Historically, electricity was viewed as a natural monopoly. Typically, a single utility company generated, transmitted and distributed all electricity in its service territory. In much of the world, the monopoly was a state-owned utility. Within the United States, private investor-owned companies supplied the majority of customers, although federally and municipally owned companies played an important minority role. These companies operated under multiple layers of local, state and federal regulation.

Restructured electricity markets share a common basic organization. The three segments – generation, transmission, and distribution – have been unbundled. Wholesale generation, no longer viewed as a natural monopoly, is priced through a market process. Transmission and distribution remain regulated, although in many cases some form of incentive regulation has replaced cost-of-service regulation or state ownership.

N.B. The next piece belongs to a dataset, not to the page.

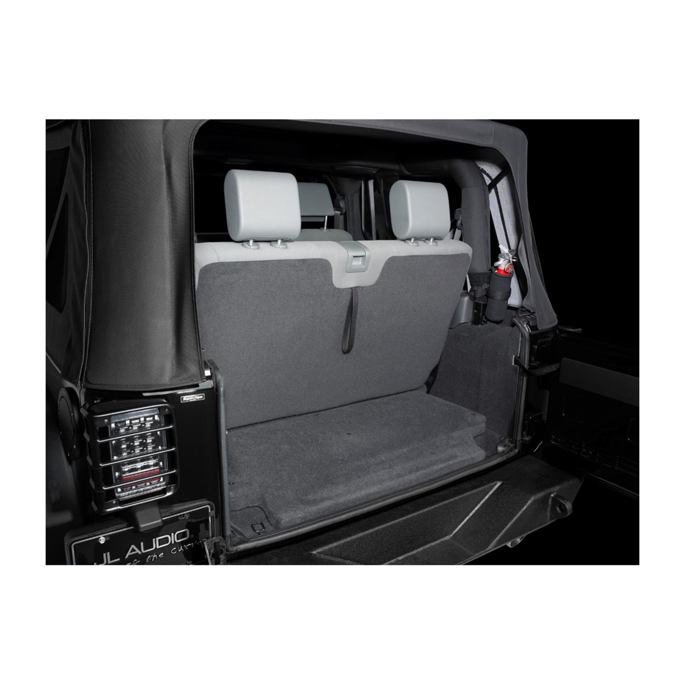 Stealthbox Enclosed Subwoofer For 2007-2017 Jeep Wrangler 2-Door Is A Sealed, Carpet-Covered Enclosure With A 10-Inch W1V3 Subwoofer.

Most wholesale electricity is traded through long-term (a week or longer) forward contracts. Many markets also feature day-ahead auction-based exchanges. Because supply and demand must be continually balanced to preserve transmission stability, transmission system operators run real-time balancing markets. Prices in these high-frequency markets can be highly volatile since electricity is non-storable and real-time demand fluctuates dramatically. To meet unforeseen contingencies, transmission system operators also contract for and occasionally use standby or reserve generation services. Many markets reflect price differences across geographical locations when parts of the transmission grid are congested (Schweppe et al. 1988; Chao and Peck 1992). Game theorists and experimental economists are involved in the ongoing process of designing electricity markets (Wilson 2002), while empirical researchers have used detailed auction data to estimate how well predictions from theoretical models describe firm behaviour (Wolak 2000; Hortascu and Puller 2004).

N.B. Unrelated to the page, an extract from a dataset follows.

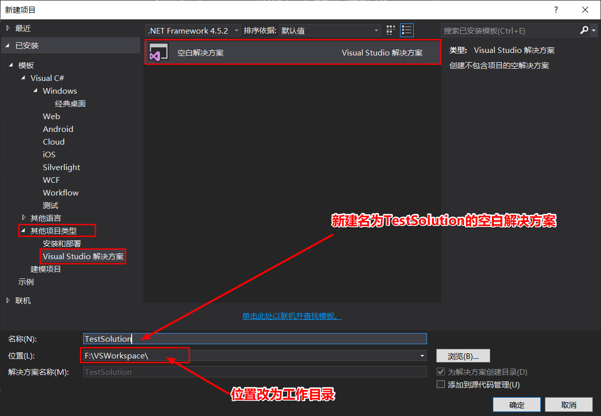 选择 其他项目类型—-Visual Studio 解决方案,在右边选择空白解决方案

At the retail level, the vision of liberalization was to provide customers a choice among competing retailers who would operate as either resellers or integrated providers with access to customers through a regulated common-carriage distribution network. In most restructured US markets, retail competition for residential customers is very weak (Joskow 2005). Retail competition is more advanced in the United Kingdom, although evidence suggests that customers have been slow to take advantage of the ability to switch to a lower-priced retailer (Waddams 2004). Several authors have noted the economic benefits of allowing retail prices to vary to reflect real-time changes in the wholesale prices, although this sort of real-time retail pricing has been slow to take hold in practice (Borenstein and Holland 2005; Joskow and Tirole 2004).

Oligopoly simulation analysis indicates the potential for serious market power problems because suppliers face extremely inelastic demand and entry requires long lead times (Green and Newbery 1992). Empirical work has indicated that market power has indeed been present, although to varying degrees in different markets. Wolfram (1999) found that prices in England and Wales were lower than static oligopoly models would suggest. By contrast, extreme levels of market power in California contributed to record high prices in 2000–1 (Borenstein et al. 2002). The explanations for these differences have focused on variations in the threat of future regulation and in the extent of long-term fixed price contracts (Bushnell et al. 2005).

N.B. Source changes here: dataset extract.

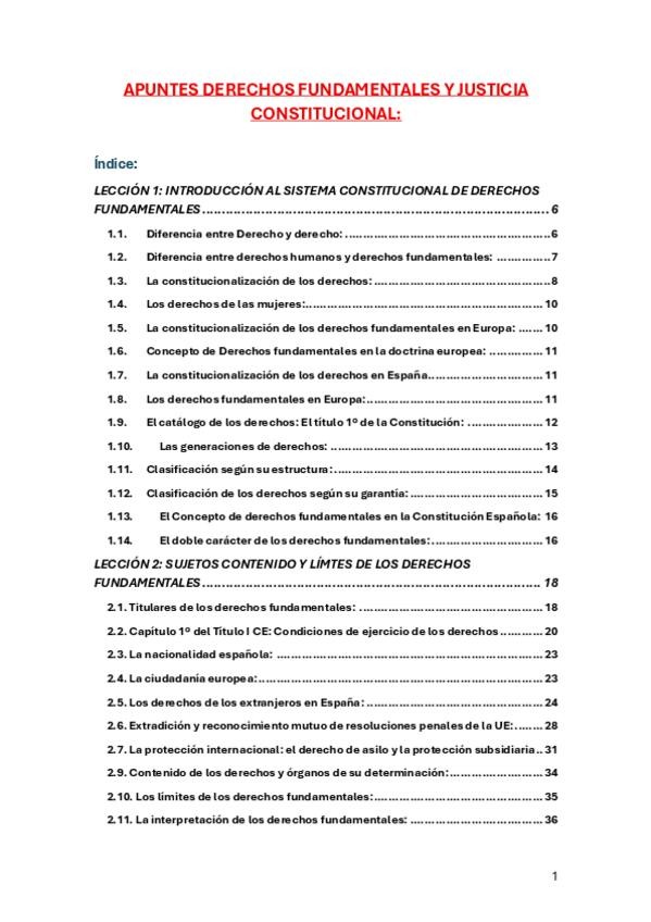 Apuntes de clase lección 1 de Derechos Fundamentales y Justicia Constitucional DADE del curso 2025-2026

Although the main motivation for market liberalization was to improve economic efficiency, there have been few attempts to measure efficiency changes. Newbery and Pollitt (1997) and Fabrizio et al. (2004) find modest positive effects of market liberalization on, respectively, industry efficiency in the United Kingdom and plant-level efficiency in the United States.

As electricity industry restructuring moves forward, the major unresolved question is the degree to which public policy will influence investment decisions. Electric generating plants are long-lived, so while operating efficiency gains appear to be real, the potential gains from improved investment stand to be larger. Also, policies to limit the environmental impact of electricity generation could affect the types of technologies in which we invest.